Разговор в комнатах. Карамзин, Чаадаев, Герцен и начало современной России - Кирилл Рафаилович Кобрин
Собственно, о будущих сношениях с властями на предмет публикации – четвертый и пятый абзацы письма. Сначала Чаадаев объясняет свою просьбу Вяземскому посодействовать и похлопотать тем, что в Петербурге, месте близком к центральной власти, цензоры не столь трусливы, как в провинции[41]. Наконец, в финале наш герой великодушно разрешает исключить несколько писем из будущей публикации, если это понадобится по цензурным соображениям. Последовательность оставшихся писем можно не соблюдать или вообще дать их в виде фрагментов, добавляет Чаадаев и надеется на ответ от князя.

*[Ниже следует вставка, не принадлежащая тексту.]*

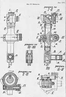 Панорама представляет собой коленчатую оптическую трубу, состоящую из поворотной головки, неподвижного корпуса и окулярной трубки.
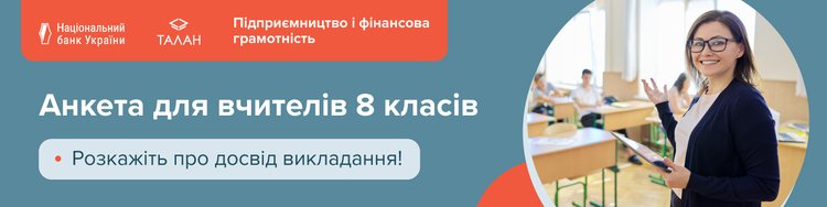 Центр фінансових знань “Талан” запрошує педагогів, які у 8 класах викладають предмет “Підприємництво і фінансова грамотність”, пройти опитування та поділитися своїми враженнями і досвідом.
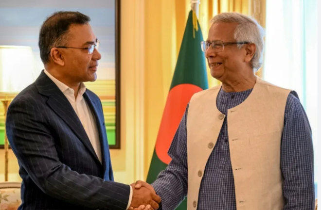 طارق رحمان نے بنگلہ دیش کی عبوری حکومت کے سربراہ محمد یونس سے ملاقات کی تھی (فوٹو: اے ایف پی)

Прошло полтора года, «Философическое письмо» напечатано, публика обсуждает его, высочайшее распоряжение о безумии его автора еще не объявлено. Скандала пока нет, есть волнение публики. Чаадаев посылает «Телескоп» со своим текстом еще одной даме, княгине Софье Сергеевне Мещерской, известной религиозной деятельнице, переводчице, в то время председательнице петербургских дамских попечительских комитетов о тюрьмах. Настроение этого письма двойственное – Чаадаев явно чувствует приближение драматических событий, но в то же время в его словах сквозит довольство тем, как все происходит. С одной стороны, «публичность схватила меня за ворот в то самое время, как я наименее того ожидал». Недоброжелательство части читателей таково, что некоторые требуют от властей принять строгие меры против автора «Философического письма». Чаадаев выражает надежду (не очень искреннюю, надо сказать), что «по счастию, наше правительство всегда благоразумнее публики; стало быть, я в доброй надежде, что не шумливые крики сволочи укажут ему поведение». Нет-нет, как раз они и указали, что и вызвало направленную против «сволочи» «Апологию сумасшедшего». С другой – «моя статья заслужила некоторую благосклонность в известном слое общества». И вот здесь Чаадаев проводит линию между тем, что в те годы называлось «обществом» (то есть «хорошее общество», «высшее общество», «светское общество») и «обществом» в более современном значении[42]. Первые – «блаженное народонаселение наших гостиных, предавшихся достославному быту виста и реверси». Они Чаадаева занимают мало. Вторые – те, кто хочет понимать, думать, кто живет скорее духовной жизнью. На них «Письмо» оказало должное влияние. Но их мало, а новые, те, кому сейчас лет двадцать – двадцать пять, как Герцену, Киреевскому и другим, к первому обществу не принадлежат по возрастному и социальному признаку, соответственно, остаются вне действия излучения чаадаевских идей. Оттого уже после скандала перед Чаадаевым встает дилемма – то ли остаться в сужающемся кругу «светских людей» с духовными запросами, то ли вступить в чужие пределы. Наш герой пытается сделать и то и другое одновременно. В результате терпит фиаско, но фиаско это персональное, а не идейное. С последним, как мы теперь знаем, все в порядке. Чаадаев победил.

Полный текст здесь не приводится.